“You, Your Slides, and Your Posters: Allies or Foes?”

Friday, November 18, 2016 2:00 pm - 3:30 pm EST (GMT -05:00)

“Scientists are very often consciously or unconsciously driven by agendas well outside science, even if they do not acknowledge them.”
—Neil Turok, Director, Perimeter Institute, 2012 CBC Massey Lectures

Seminar - Professor Emeritus John Bandler

John Bandler.jpg

In the first few blinks of an eye after you stumble onto the stage, or make an opening stab at your slides or poster, most of your audience has likely made up its mind—and you may not even have “started” your presentation. Perhaps the projector isn’t working, or your microphone has a mind of its own, or you apologize for not finding the room in time. Perhaps your visitor(s) caught you eating at your poster, or you just returned from chatting with a colleague across the room and found someone squinting at your fine print.


Whatever the case, the rest of your performance serves as confirmation of your audience’s bias and first impressions. And besides you, your slides and your posters have their own agenda, subplot or series of subplots that reflect you, your expertise, your authenticity, your passion for your subject, and your attention to issues like relevance, context, clarity, citations, acknowledgments, respect, consistency of fonts, spelling, and those excruciating details in your visual aids that you can’t bear to leave out, and even their artistic composition. At your poster, you have just moments to pitch the importance of your work. As for your oral presentation, remember that your audience may have already sat through several presentations that day.

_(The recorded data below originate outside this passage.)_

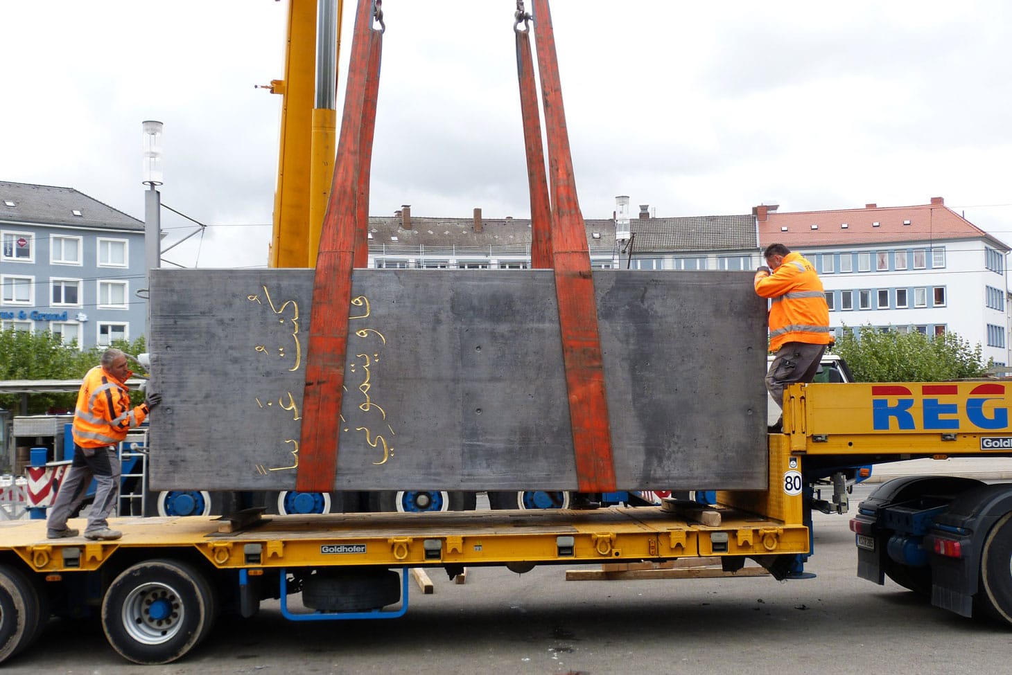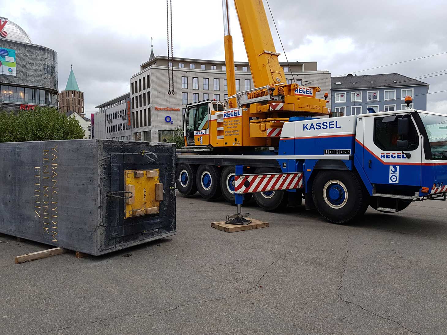 According to reports in a local Kassel newspaper, at about 4:30 am CET, workers from a local construction company began dismantling the obelisk, titled “Monument to Strangers and Refugees,” with two heavy cranes. By 9:30 am, the report states, the obelisk was entirely gone, strapped to a flatbed truck and sent to a construction site on the outskirts of the city (where it now remains).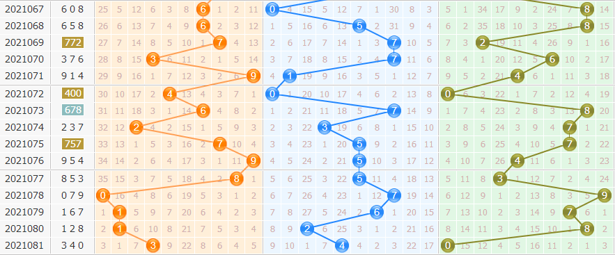 跨度分析:上期跨度开出04,前期跨度连续开出五期之后终于是转向了小跨度范围,后期建议大家重点关注大奇数跨度出现,本期重点推荐跨度范围:3—8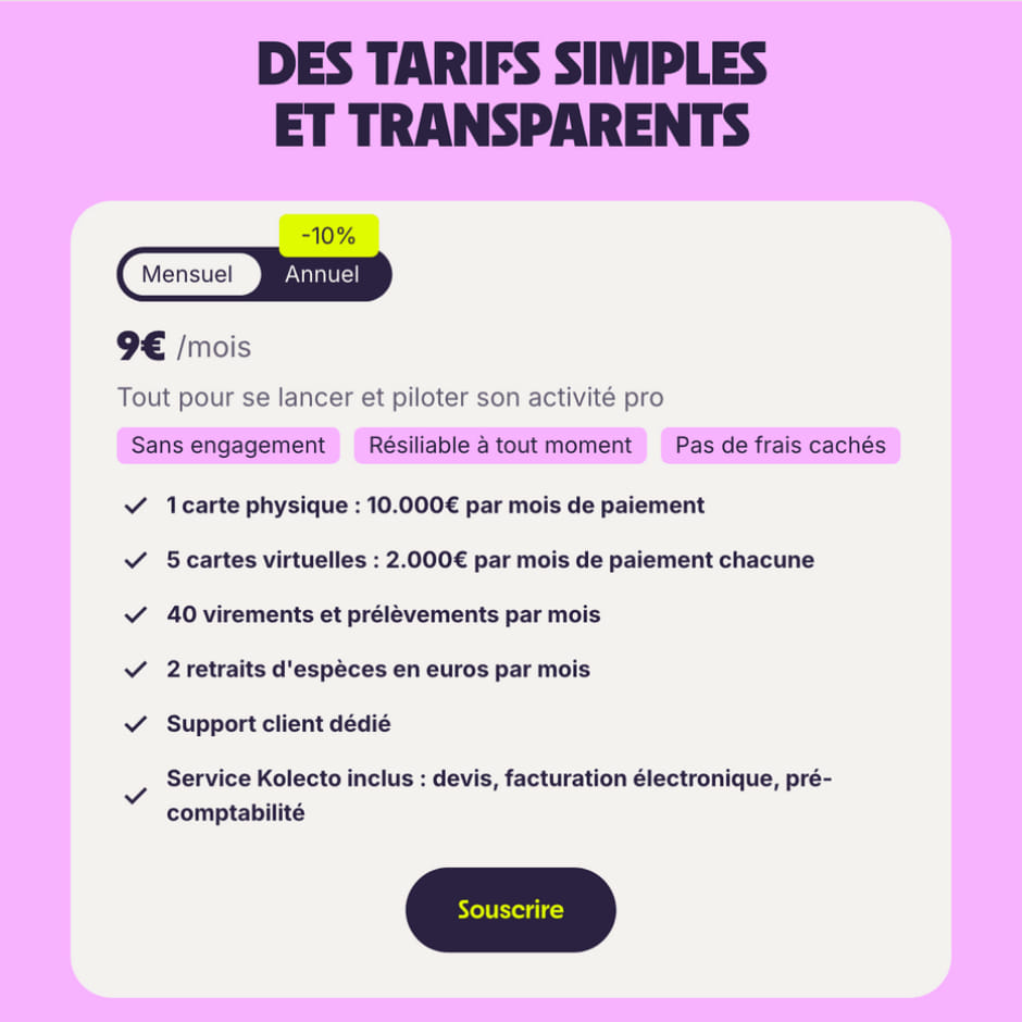 - L’offre inclut une carte physique Visa professionnelle et jusqu’à 5 cartes virtuelles gratuites. Vous bénéficiez également d’un outil de facturation intégré (Kolecto) pour gérer vos devis et factures électroniques en toute simplicité.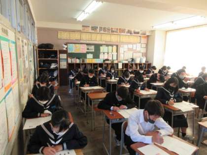 中教研学力調査の“英語”には、リスニングの問題があります。 注意深く、耳を澄ませます。

I use my expertise as a writer and director of plays as well as a professor and entrepreneur (with experience at trade shows) to elaborate on effective presentations at a conference: embracing your audience’s needs; gaining trust; the importance of clarity, citation and acknowledgement; the importance of “story” and admitting setbacks; those crucial first few seconds, and your first few slides; and how to identify and avoid potential traps and pitfalls.


McMaster professor emeritus John Bandler is an engineer, entrepreneur, innovator, researcher, artist, speaker, and author of fiction, including stage plays. He wrote and directed That The Multitude May Live, which can be seen on YouTube, along with Christmas Eve at the Julibee Motel, and other examples of his theatrical work. Some of his talks, including his 2014 TEDx McMaster U talk, are available on the internet. He has published 500 technical papers and contributions to books, has won numerous professional awards, and pioneered the space mapping technology in 1993. In 1997, Hewlett-Packard acquired his company Optimization Systems Associates Inc. He is a Fellow of several societies, including the Canadian Academy of Engineering and the Royal Society of Canada, and has been honoured by a Queen Elizabeth II Diamond Jubilee Medal. He mentors individuals for public presentations, including the Three Minute Thesis (3MT®) competition, and spearheads the team bringing the first ever 3MT® competition to the IEEE International Microwave Symposium in 2017.